Фекла выступает как ученица апостола Павла, обогащенная его премудростью. Она подробно говорит о Жене, облеченной в солнце (Откр.12:1–6). Для Феклы эта Жена – Церковь; рождаемый ею младенец – не что иное, как община верных. Церковь – наша мать. Она постоянно зачинает прибегающих ко Христу и, образуя их по образу и подобию Христову, рождает для новой жизни, для небесного гражданства. Змий, угрожающий Жене гибелью, – диавол. Для тех христиан, которые держатся непоколебимого основания истины, его угрозы не страшны, а звезды, которые ему удается увлечь с неба, – это сонмища еретиков, искажающих истину веры. Одним из злых ухищрений диавола является привлечение им людей к вере в роковую силу предопределения и в бредни астрологов. Учение о предопределении не имеет ничего общего со здравым смыслом и недостойно христиан, которым открыто учение Церкви о свободе воли. Человек должен быть господином самого себя и жить сообразно с примером Христа.

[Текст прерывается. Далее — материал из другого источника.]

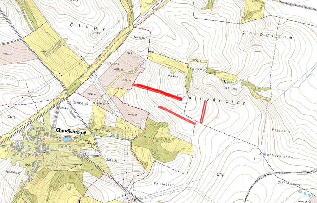 V daném území probíhají pozemkové úpravy, které do budoucna řeší uspořádání pozemků, vlastnické vztahy a zpřístupnění parcel. Tento proces může přispět ke zvýšení přehlednosti i dlouhodobé hodnoty vlastněné půdy.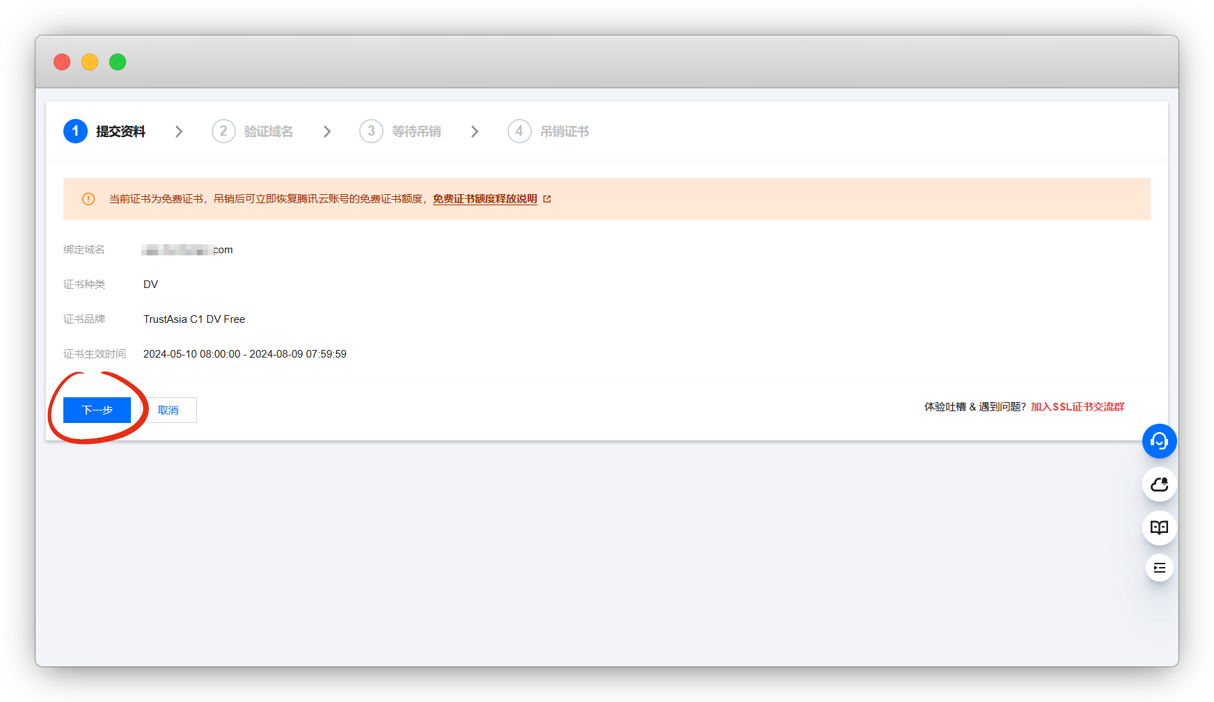 再次点击 申请免费证书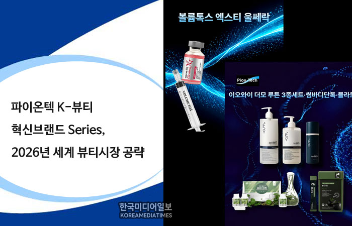바이오·코스메틱 전문기업 ㈜파이온텍이 2026년을 기점으로 자사 핵심 기술과 제품 라인을 총망라한 ‘K-뷰티 혁신브랜드 Series’ 글로벌 공략 전략을 본격화하고 있다. 파이온텍은 스피큘(Spicule) 기반 코스메슈티컬 기술, 차세대 프리미엄 라인인 ‘볼륨톡스 XT 울쎄락(VolumeTox XT Ulserack)’, 두피 과학 브랜드 ‘이오와이 더모 루튼’, 바디 라인 ‘썸바디단톡·블라토’ 등 다양한 혁신 포트폴리오를 기반으로 2026~2027년 세계 시장 확대 로드맵을 제시했다.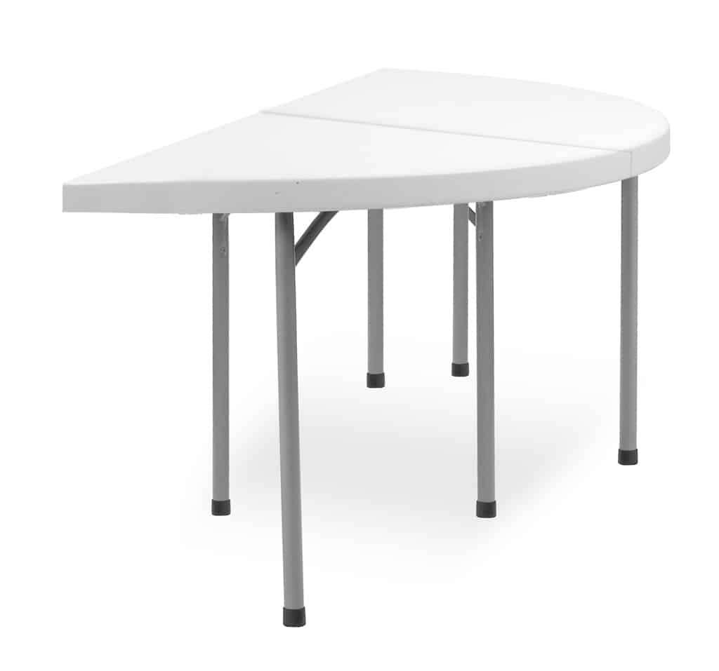 Capotavola a mezzaluna, con basamento pieghevole in acciaio verniciato grigio e piano in polietilene grigio chiaro. Elemento modulare, utilizzabile, con aggancio sul lato corto, insieme a 2 Tavolo Catering 200×90 cm.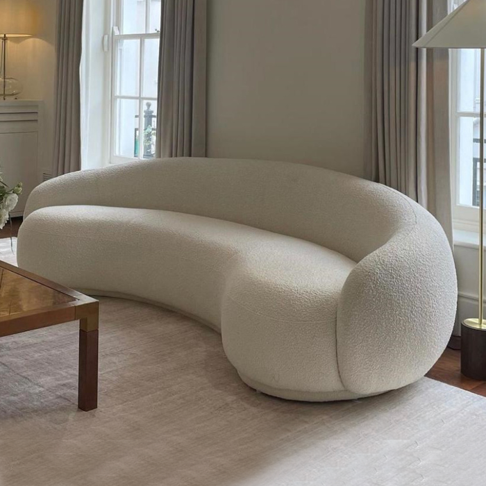 Its sleek curved design serves as a striking focal point in any room, while the plush high-density foam cushions ensure an exceptional lounging experience. Built on a solid wooden frame with expert craftsmanship, this sofa offers lasting durability. Available in neutral tones with a timeless style, it seamlessly complements any interior decor.

После Феклы выступают с речами Тисиана и Домнина. Основное содержание их высказываний – аллегорическое и вместе с тем типологическое истолкование различных текстов Ветхого Завета, в которых автор «Пира» усматривает указания на величие подвига во имя сохранения девства. Великий праздник кущей (Лев.23:39–43) будет праздноваться в новом, непреходящем мире, когда будут собраны земные плоды и когда девство – равноангельная жизнь будущего века – воцарится в Божием Царстве. Достигнув воскресения и совершая вместе с Христом праздник тысячелетия покоя, девственная душа водружает свою кущу, украшенную плодами всех добродетелей, не на земле, а в Божием Царстве. Участниками вечного праздника кущей будут и все, живущие целомудренно, ибо целомудрие в супружеской жизни тоже приносит «хотя малые отрасли девственности».
Притча о деревьях, искавших себе царя (Суд.9:8–15), и тайна видения пророка Захарии (Зах.4:1–4) истолковываются типологически. Исполнение всех пророчеств и прообразов совершается только тогда, когда девство начинает владычествовать над миром и приносит плоды правды. Ступенями, последовательно возводящими человечество к высоте девства, явились: заповедь, данная человеку в раю, после нее – заповедь, которую получил Ной после потопа, и, наконец, закон, принятый Моисеем в пустыне. Девству как величайшему и совершеннейшему откровению Божией воли мы научаемся из заповедей, данных апостолам для спасения мира.
Арета, заканчивая праздник, хвалит всех дев, возвеличивших девственную чистоту и целомудрие, но самой удачной признаёт речь Феклы. Еще раз подчеркивается, что подвиг девства только в том случае достоин похвалы, если соединяется с деятельной любовью и человеколюбием.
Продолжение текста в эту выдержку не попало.